This study also demonstrate that four bacterial OTUs are associated with the lesion sites of GT: Microbacterium, Leptospira, Methylotenera, and Lactococcus. Microbacterium was found previously to be associated with refractory periodontitis [Citation42]. To the best of the authors’ knowledge, Leptospira has not previously been identified in oral lesions. However, a genus that is closely related to Leptospira has been identified in periodontitis [Citation43]. This study showed that Leptospira occured in 88.5% of GT lesion sites. It has been demonstrated in an experimental animal model that the human saliva and the oral mucosal barrier provide a natural defence against oral infections by Leptospira [Citation44]. Therefore, the breakdown of the mucosal barrier that occurs in GT due to the loss of a normal tongue structure may explain the higher numbers of Leptospira in the GT lesions. Methylotenera is a newly defined genus [Citation45,Citation46], and data regarding its clinical implications are currently lacking. Lactococcus has been demonstrated to play an indirect role in the prevention of caries by competing with cariogenic bacteria [Citation47].

Two genera were identified in the healthy sites of the GT and control groups: Mogibacterium and Simonsiella. Interestingly, the numbers of Mogibacterium were found to be increased in periodontal pockets and root canals after chemo-mechanical preparation of root canals [Citation48], which indicated an association with more healthy structures. Similar to these results, Simonsiella was found in 22% of patients with a healthy oral mucosa compared to 8% of patients with erosive lichen planus. The same study showed that 95% of Simonsiella colonized the dorsal surface of the tongue [Citation49].

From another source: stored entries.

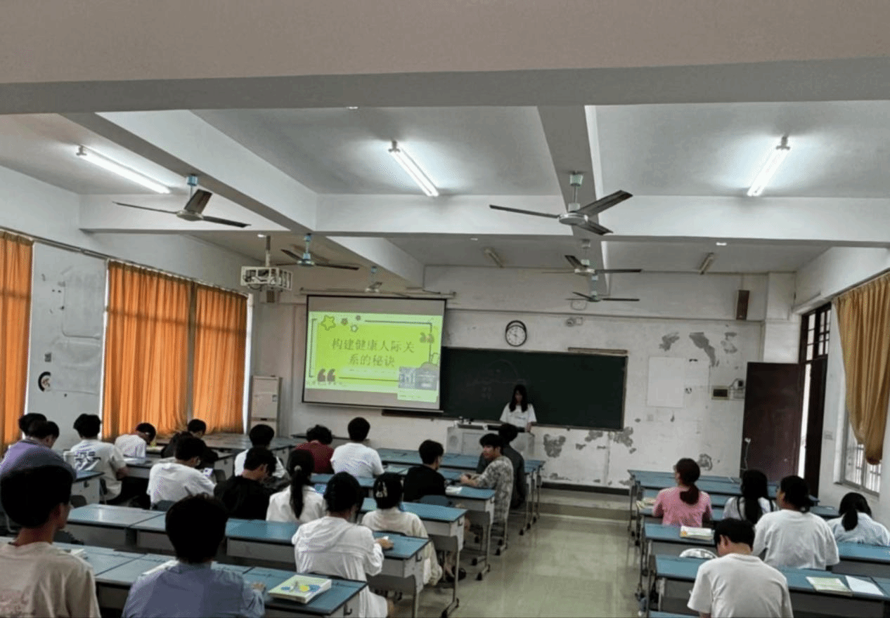 24软件1班以“润心第一课”为主题,在4-215多媒体教室组织班级同学开展人际交往拓展主题活动,通过双手交叉相握的游戏引导同学们认识心理学上的“适应”;通过“快乐传递”活动分享自己的真实故事;最后通过心理小测试帮助同学们释放不良情绪,注入满满的正能量。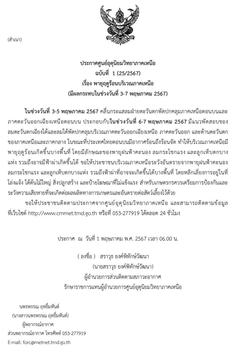 01 พ.ค. 2024 768 กรมอุตุฯ ออกประกาศเตือนพายุฤดูร้อนบริเวณภาคเหนือ ช่วง 3-7 พ.ค.2567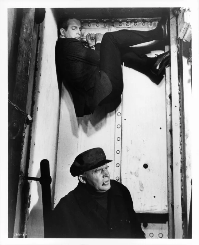 Paul Newman crouching above man in a scene from the film 'The Prize', 1963. (Photo by Metro-Goldwyn-Mayer/Getty Images)

In the present study, the sampling procedure may have had an impact on the number of harvested bacteria, even though all the samples were collected by the same investigator following the manufacturer’s instructions. It is possible that the GT-lesion group already had a greater bacterial load than the GT-healthy group or the control group due to the anatomical changes caused by the disease. Nevertheless, the sequence reads showed an almost equal distribution of reads across all the samples.

The resolution capacity of the heterogeneous 16S rRNA genes varies across bacterial taxa, and occasionally, different members of a family cannot be resolved. The reasons for this are: (1) the fit of the universal PCR primers, as it has been shown that universal primers may not be entirely suitable for the detection of Bifidobacteria, belonging to the Actinobacteria phylum, due to their high GC (guanine-cytosine) content [Citation50]; (2) the number of 16S operon copies is not the same in all bacterial species, with a range of 1–15 copies being suggested [Citation51]; and (3) the efficacy of bacterial DNA extraction. DNA can be extracted easily from Gram-negative bacteria, while some Gram-positive bacteria have a very thick and sturdy cell wall that makes DNA extraction more difficult. However, a Qiagen extraction kit was used, which shows greater efficacy than other kits [Citation52]. Moreover, glass bead beating was employed to enhance breaking of the bacterial cell wall [Citation53].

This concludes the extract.